Here's another one, under the 'fun gun' category. Heritage is the SISTER COMPANY to ROSSI?
That makes me wonder if they both use the same manufacturing building?

*" Our sister company Rossi currently makes the Circuit Judge which is a .410/.45 rifle that fits the description of what you are describing in your email. I have a provided a link below to it "

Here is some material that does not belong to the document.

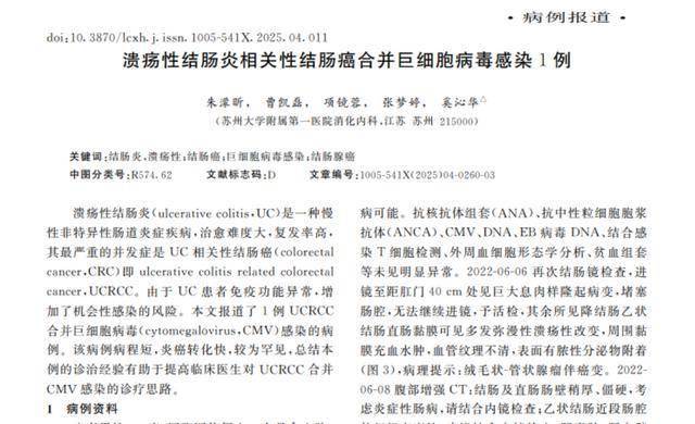[1]溃疡性结肠炎相关性结肠癌合并巨细胞病毒感染1例 朱濛昕, 曹凯磊, 项镜蓉, 张梦婷, 奚沁华 临床消化病杂志 2025-08-07
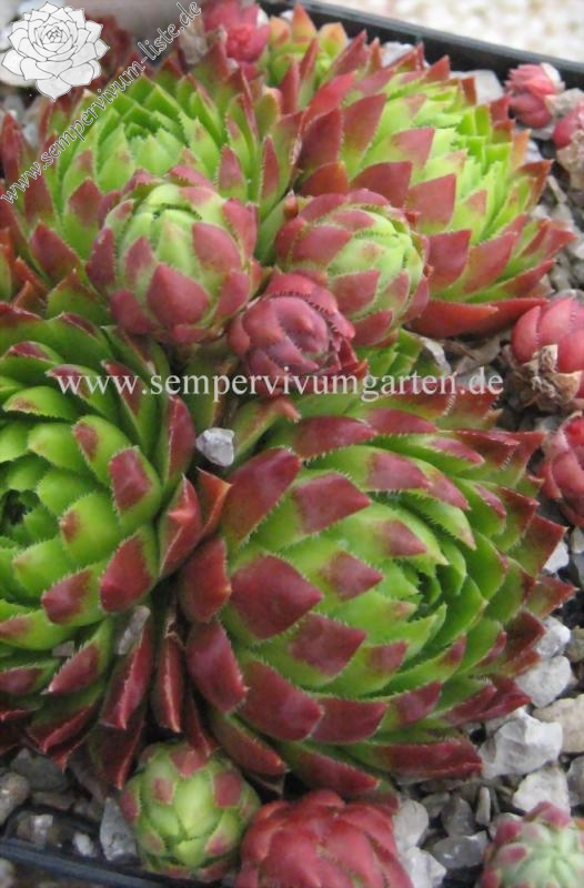 Ein igeliger Kultivar mit frischgrünen Rosetten aus Belgien. Zum Herbst orange-rötliche Töne der Blattspitzen und der Blattunterseite.

But, if it's labeled 'ROSSI', it will cost you 5x more!?*


.410 lovers,,, *WHAT DO YOU THINK? MSRP $860.22 OUTCH!
Put a HERITAGE Stamp on it,,, cut the price by 4 & I'll buy one. 
It sure is pretty though,,, maybe Santa will place one under my tree!? ;>)*


CIRCUIT JUDGE .45COLT/.410MAG Stainless Steel 18.5" 5 Rounds Brazilian Hardwood (rossiusa.com)


----------



## Drm50 (Dec 26, 2014)

Doboy said:


> Here's another one, under the 'fun gun' category. Heritage is the SISTER COMPANY to ROSSI?
> That makes me wonder if they both use the same manufacturing building?
> 
> *" Our sister company Rossi currently makes the Circuit Judge which is a .410/.45 rifle that fits the description of what you are describing in your email. I have a provided a link below to it "
> ...


Buddies boy won one of these at a gun blast. He bought 20rd box of 45s. We shot gun off rest at paper to sight it. Lost cause. We put up a quart oil bottle at about 25’ and tried out 410. Used 3” #6
loads. It did knock it down but few shot hit and some of those were inside the plastic bottle. My opinion another novelty. We since shot a box of my 45Colt loads. Standard 250g cast bullet, basically factory duplication. Shot 50 and if we hit anything it was accidental. Kid has tried to trade it to me everytime he sees me.


----------